__Exercise description__
An exact copy is required of the lines running from the one that contains "dopo la marra" to the end of the material, both ends included, with pictures omitted.

__Recorded data__
——

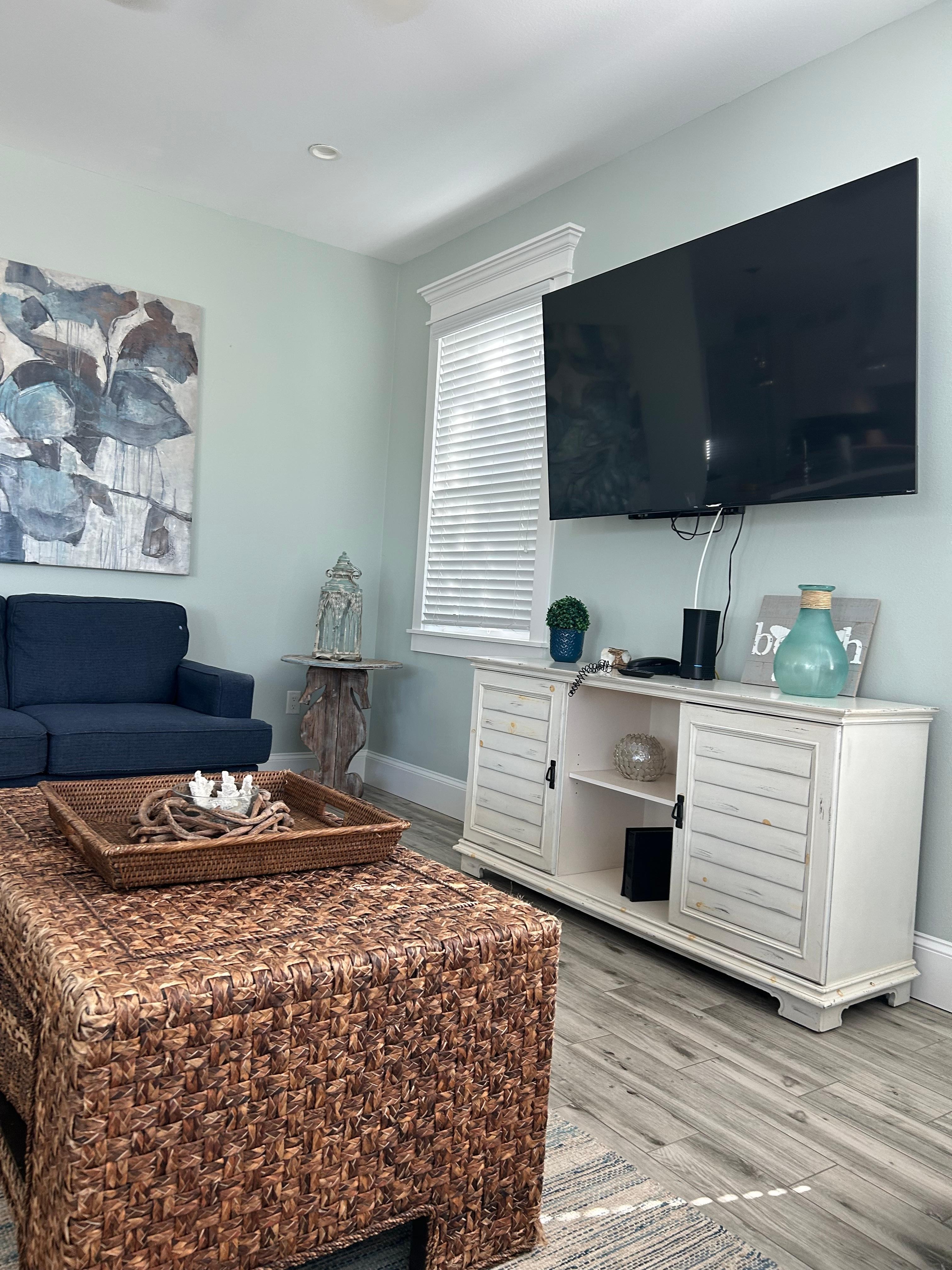 Step inside and be greeted by coastal elegance and modern comfort. The open concept living area features plush sofas, a large TV, and natural hues of sea blue and sand, creating a serene atmosphere. The fully equipped kitchen shines with upscale appliances, sleek countertops, and island seating perfect for casual breakfasts. Gather around the dining table under a decorative chandelier for shared meals, laughter, and panoramic treetop views that capture the spirit of Anna Maria Island.
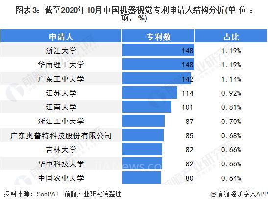 從我國機(jī)器視覺技術(shù)申請人構(gòu)成來看,大學(xué)高校是機(jī)器視覺技術(shù)研發(fā)的主力軍。截至2020年10月21日,前十位申請人中九位是高校,其中浙江大學(xué)和華南理工大學(xué)最多均為148項,均占比1.19%,廣東工業(yè)大學(xué)申請專利數(shù)量排第三,為142項,占比1.14%。
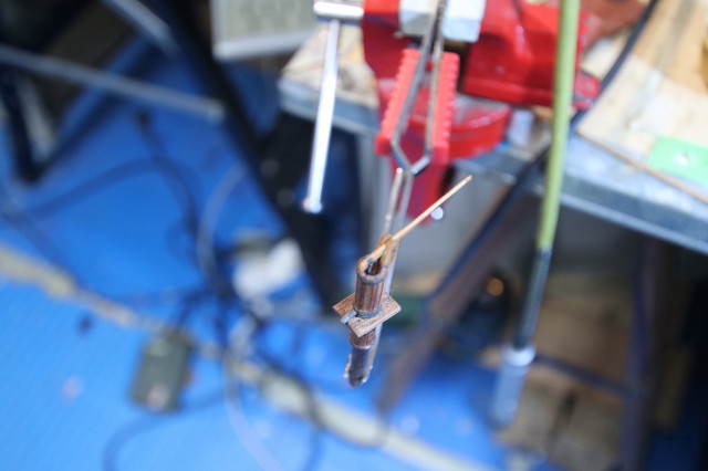 dopo la marra ho terminato la pompa di sentina, ho trovato dei disegni riguardanti un galeone veneto del solito periodo che riportano una pompa di sentina e questo è stato d'ispirazione (il Matteuzzi riporta una pompa molto schematica nella vista longitudinale, non molto dettagliata) è sviluppata con listelli di 2mm in noce su un tondino di rame di 3 mm i bracci che sostengono la barra per il pompaggio sono realizzati con il frassino, come era nella realtà, le legature sono state fatte con del filo di rame saldato per tenerlo fermo e trattato con il brunitore, il tubo di uscita dell'acqua aspirata è stato fatto con un filo di stagno da 1mm forato
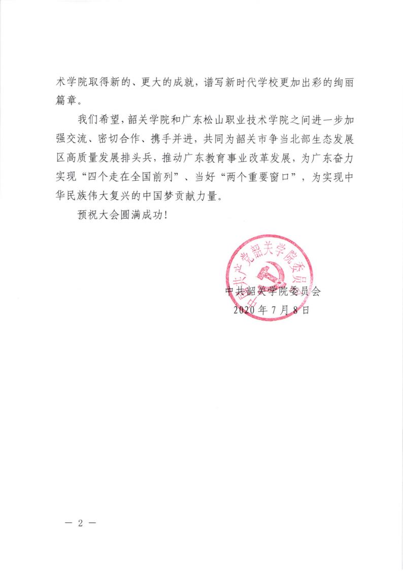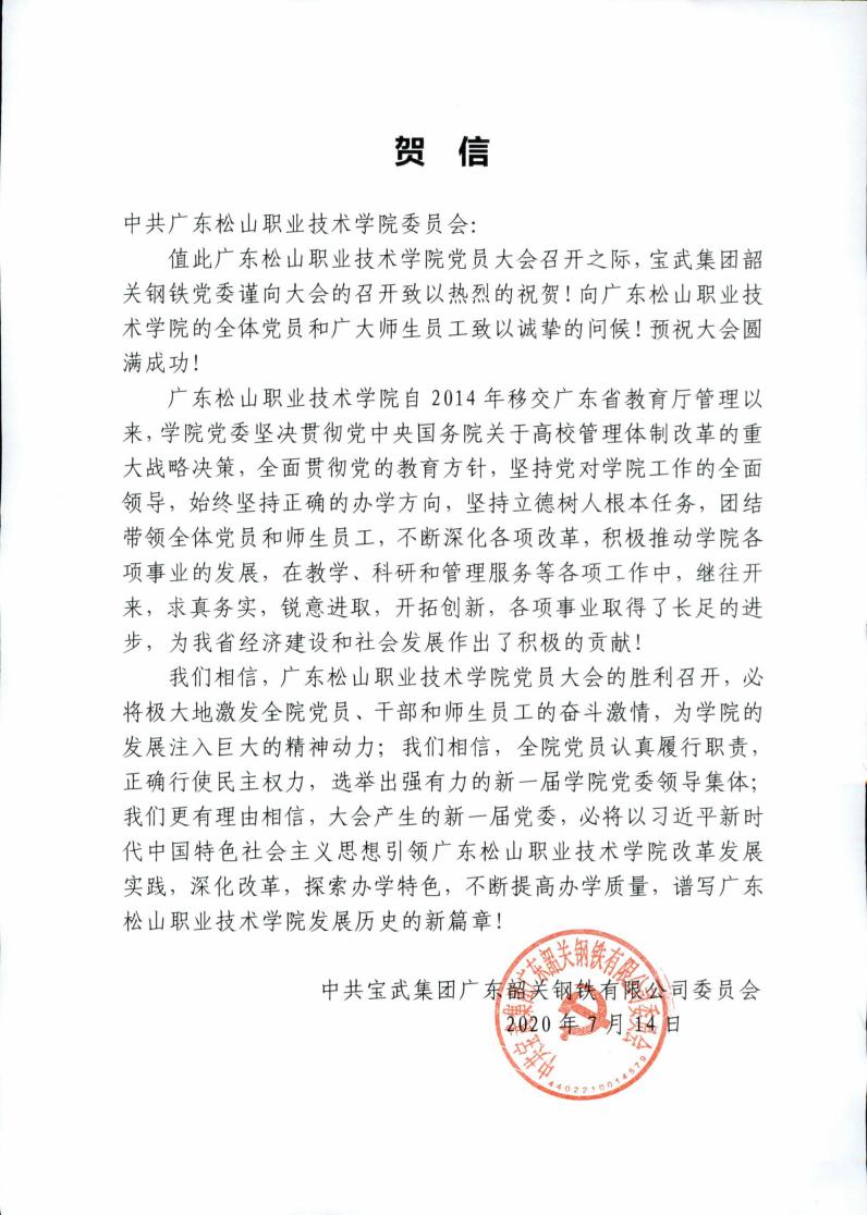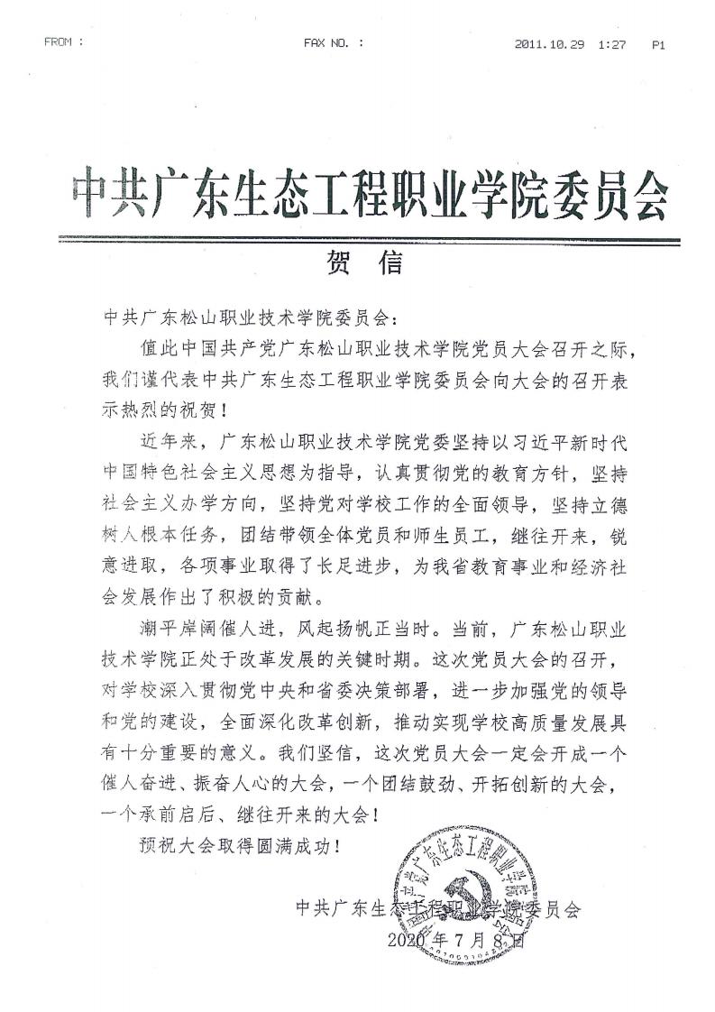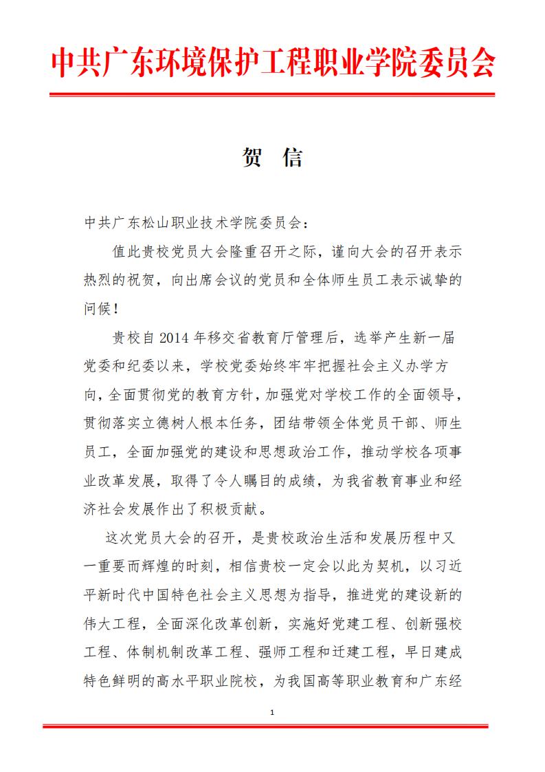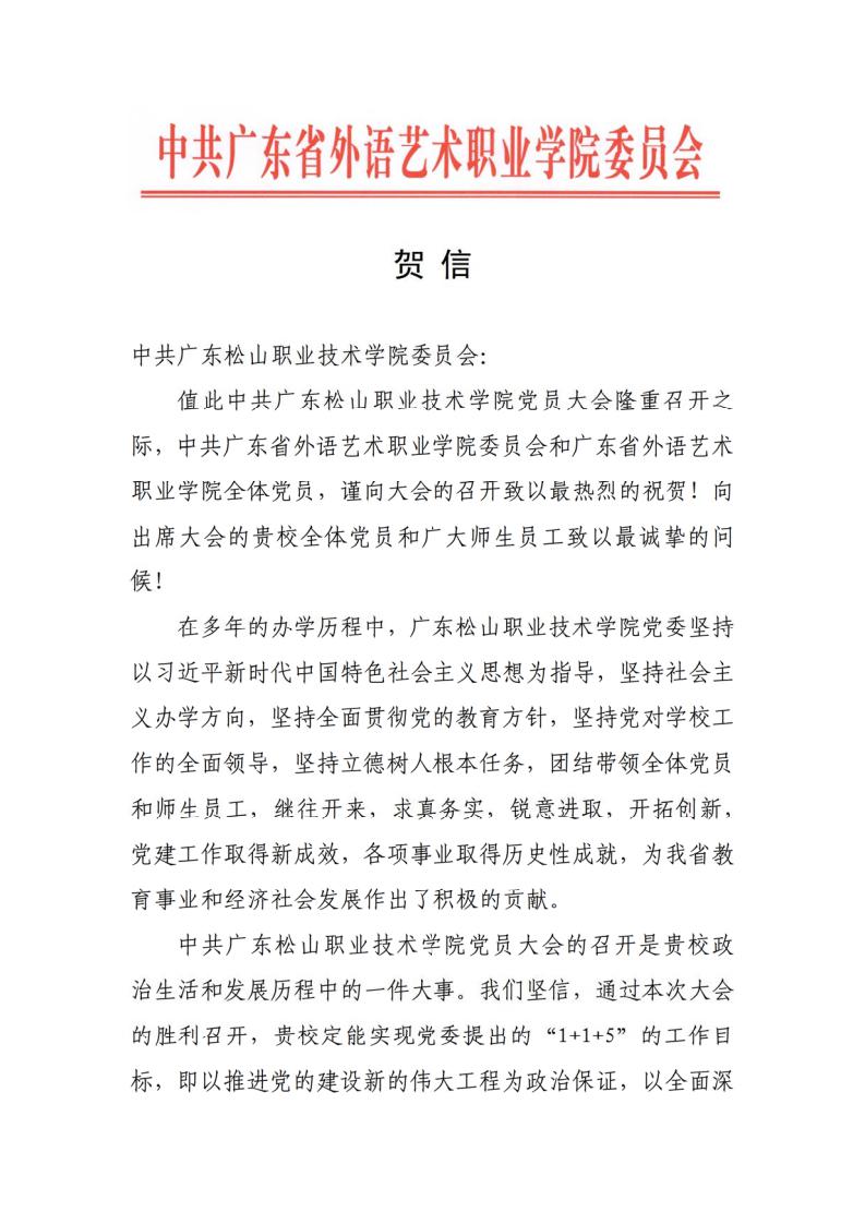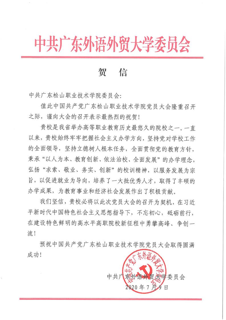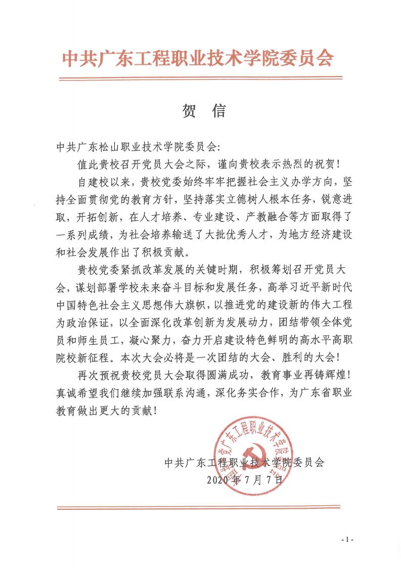 省教工委致广东松山职业技术学院党员大会贺信

——

__Response to this task__
 dopo la marra ho terminato la pompa di sentina, ho trovato dei disegni riguardanti un galeone veneto del solito periodo che riportano una pompa di sentina e questo è stato d'ispirazione (il Matteuzzi riporta una pompa molto schematica nella vista longitudinale, non molto dettagliata) è sviluppata con listelli di 2mm in noce su un tondino di rame di 3 mm i bracci che sostengono la barra per il pompaggio sono realizzati con il frassino, come era nella realtà, le legature sono state fatte con del filo di rame saldato per tenerlo fermo e trattato con il brunitore, il tubo di uscita dell'acqua aspirata è stato fatto con un filo di stagno da 1mm forato
 省教工委致广东松山职业技术学院党员大会贺信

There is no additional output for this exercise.